Page MenuHomePhabricator

Clarify recommendations around using FauxRequest
Closed, ResolvedPublic

Description

In T109836 @Anomie said:

FauxRequests to action API modules are an antipattern that should be avoided. Instead, the functionality should normally be exposed by some "business logic" class that is used by both the action API and by other code.

Full conversation is documented here:
https://phabricator.wikimedia.org/T109836#2430649

Various projects use FauxRequests and various projects use PHP classes directly.

According to @daniel in that same task

We can have this as an ArchCom session, but there was quite a strong consensus when we discussed this in Lyon: don't use the Web API interface and FauxRequests for internal requests. Reasons:

  • It's a "stringly typed" interface, it lacks type safety
  • the encoding/decoding is a performance issue.
  • it makes things very hard to test - it's an antithesis to the idea of injecting narrow, easy-to-mock interfaces.

Best practice IMHO: make business logic that does not know or care about UI or web API, write a thin layer of UI or API on top of it.

I'd like us to discuss this again and document the decision/reasoning on wiki and in wikitech.

My questions

  • Is use of FauxRequest discouraged in Special pages?
  • When should FauxRequest be used?

Output

Event Timeline

Restricted Application added a subscriber: Aklapper. · View Herald TranscriptJun 29 2017, 8:45 PM
Anomie updated the task description. (Show Details)Jun 29 2017, 9:06 PM

I copied the rest of @daniel's comment into the description, since it's directly relevant to the question at hand.

Krinkle edited projects, added TechCom-RFC; removed TechCom, Proposal.Jun 29 2017, 9:55 PM

This is documented at the top of https://www.mediawiki.org/wiki/API:Calling_internally in a warning box.
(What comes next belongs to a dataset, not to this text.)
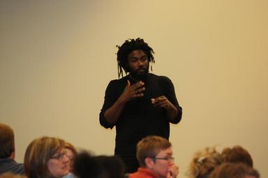 Keywords: Award-winning author Jason Reynolds returned to Kalamazoo on Wednesday, April 13, 2016, for a Meet the Author event at Central Library. Jason recently received the prestigious Walter Dean Myers Award for Outstanding Children’s Literature, and the American Library Association’s 2016 Coretta Scott King Honor Award for outstanding African American authors. Photo by Farrell Howe. www.kpl.gov Award-winning author Jason Reynolds returned to Kalamazoo on Wednesday, April 13, 2016, for a Meet the Author event at Central Library. Jason recently received the prestigious Walter Dean Myers Award for Outstanding Children’s Literature, and the American Library Association’s 2016 Coretta Scott King Honor Award for outstanding African American authors. Photo by Farrell Howe. www.kpl.gov

Jdlrobson updated the task description. (Show Details)Jun 29 2017, 10:17 PM

T111074 improve watchlist query continuation handling is a good example of where this is actually quite useful as it allows sharing of logic on front-end and backend. Using FauxRequest would make an infinitely scrollable watchlist much more achievable.

It seems to me that T111074 is about using the API directly instead of
doing your own thing, not about any advantage to using FauxRequest.

The real solution if you're doing watchlist stuff server-side is probably
to finish the WatchedItemQueryService stuff WMDE started, i.e. solution 2
in T109277. ApiQueryWatchlist already uses it.

daniel added a comment.EditedJun 30 2017, 2:35 PM

T111074 improve watchlist query continuation handling is a good example of where this is actually quite useful as it allows sharing of logic on front-end and backend. Using FauxRequest would make an infinitely scrollable watchlist much more achievable.

Code sharing would indeed be good!

The point is to not do it the lazy (and inefficient and unsafe and unstable) way, but to do proper refactoring: The special page and the API module should be thin wrappers around a controller object (or "interactor", since this is not a MVC controller).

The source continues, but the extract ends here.